La circostanza risulta in effetti essere stata riferita per la prima volta da Avola nel corso di un interrogatorio svoltosi lo scorso anno dinanzi a magistrati della Direzione distrettuale antimafia di Caltanissetta, a distanza di oltre 25 anni dall’inizio della sua collaborazione con l’autorità giudiziaria. Ma, come sottolinea in una nota il procuratore aggiunto Gabriele Paci, “i conseguenti accertamenti, finalizzati a vagliare l’attendibilità di dichiarazioni riguardanti una vicenda ancora oggi contrassegnata da misteri e zone grigie, non hanno, allo stato, trovato alcuna forma di positivo riscontro che ne confermasse la veridicità”.
“Dalle indagini demandate alla Dia – continua Paci – sono per contro emersi rilevanti elementi di segno contrario che inducono a dubitare tanto della spontaneità quanto della veridicità del suo racconto. Per citarne uno, tra i tanti, l’accertata presenza dello stesso Avola a Catania, addirittura con un braccio ingessato, nella mattinata precedente il giorno della strage, là dove, secondo il racconto dell’ex collaboratore, egli, giunto a Palermo nel pomeriggio del venerdì 17 luglio, avrebbe dovuto trovarsi all’interno di un’abitazione sita nei pressi del garage di via Villasevaglios, pronto, su ordine di Giuseppe Graviano, a imbottire di esplosivo la Fiat 126 poi utilizzata come autobomba”.
“Colpisce peraltro che Avola – prosegue il procuratore Paci – anziché mantenere il doveroso riserbo su quanto rivelato a questo ufficio, abbia preferito far trapelare il suo asserito protagonismo nella strage di Via D’Amelio, oltre a quello di Messina Denaro, Graviano ed altri, attraverso interviste e la pubblicazione di un libro”.
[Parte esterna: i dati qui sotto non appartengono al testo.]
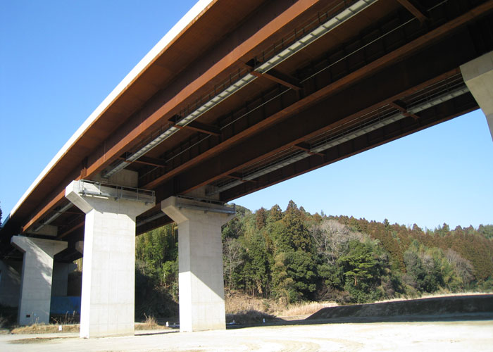 | 伸縮装置 | (しんしゅくそうち) | 橋桁は温度によって伸び縮みするので、桁と橋台、また桁と桁がぶつからないよう“あそび”を設けるために橋の継ぎ目に設置される装置のこと |
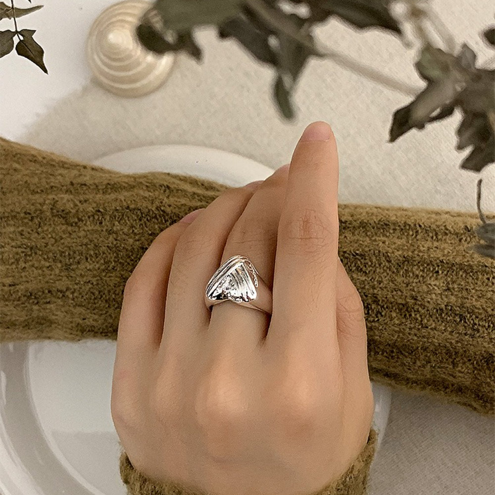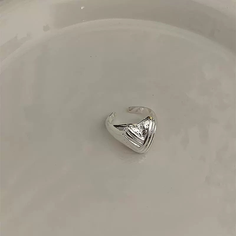 Korean Happy Rim-inspired peach heart metal ring, niche retro fashion jewelry.
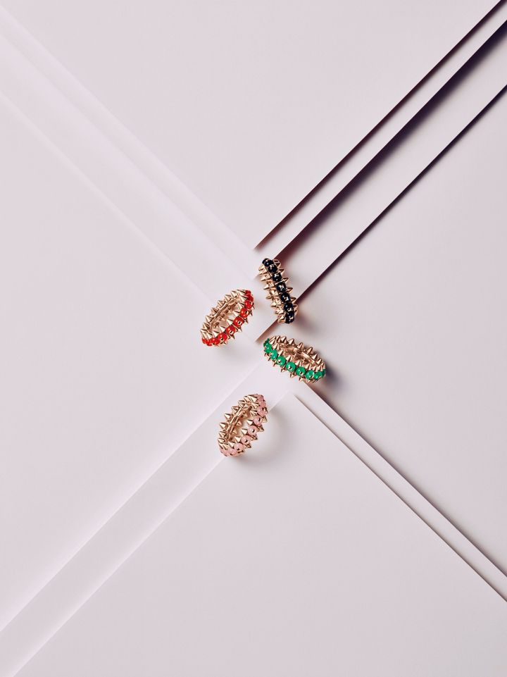 カラーストーンのビーズは中央に穴を空けて、クル ドゥ パリと呼ばれる四角錐のパーツでねじ止め。丸、三角、四角と3つの形がバランスよく正確に配置され、“クラッシュ ドゥ カルティエ”ならではのジオメトリックな魅力を際立たせています。リングのほか、イヤリングとペンダントも展開。
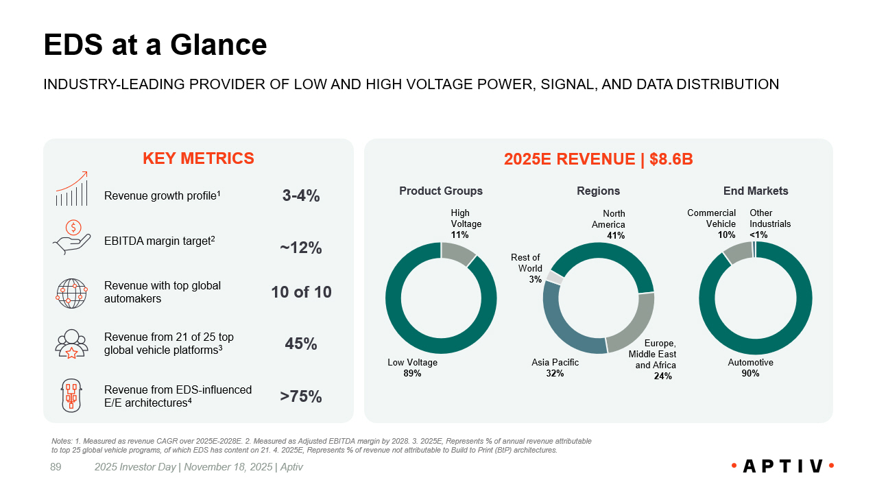 2025E收入| $ 8.6B关键指标EDS概览2025年投资者日| 2025年11月18日| Aptiv 11个低压和高压信号、电源和数据分发解决方案的领先提供商来自EDS影响的E/E架构的收入2 > 75%来自25个全球顶级汽车平台中的21个平台上的内容的收入145%来自全球顶级汽车制造商的收入10个全球制造工厂中的10个全球制造工厂76小时成本最高国家的劳动力95%低压89%高压11%北美41%欧洲,中东和非洲24%亚太地区32%世界其他地区3%汽车90%商用车10%其他工业< 1%产品组地区终端市场注:1。2025E,代表年度收入归属于top25全球车辆方案的百分比,其中EDS有内容于21。2.2025E,代表不归属于Build to Print(BTP)架构的收入百分比。

“E lascia altresì perplessi che egli abbia imposto autonomamente una sorta di “discovery”, compromettendo così l’esito delle future indagini, dopo che l’ufficio aveva provveduto a contestargli le numerose contraddizioni del suo racconto e gli elementi probatori che inducevano a dubitare della veridicità di tale sue ennesima progressione dichiarativa”, conclude il Procuratore aggiunto di Caltanissetta.
Anche Fiammetta Borsellino, intervenuta ieri allo speciale di La7 è perplessa di fronte alle dichiarazioni del mafioso catanese. «Le parole di Maurizio Avola? Qualsiasi dichiarazione deve essere oggetto di riscontro, già di depistaggio ne abbiamo subito uno e ancora ci lecchiamo le ferite».
«La sentenza di Scarantino (sul depistaggio ndr) è diventata definitiva appena pochi giorni fa. Sto molto cauta e penso che ogni dichiarazione debba essere oggetto di un riscontro», ha aggiunto.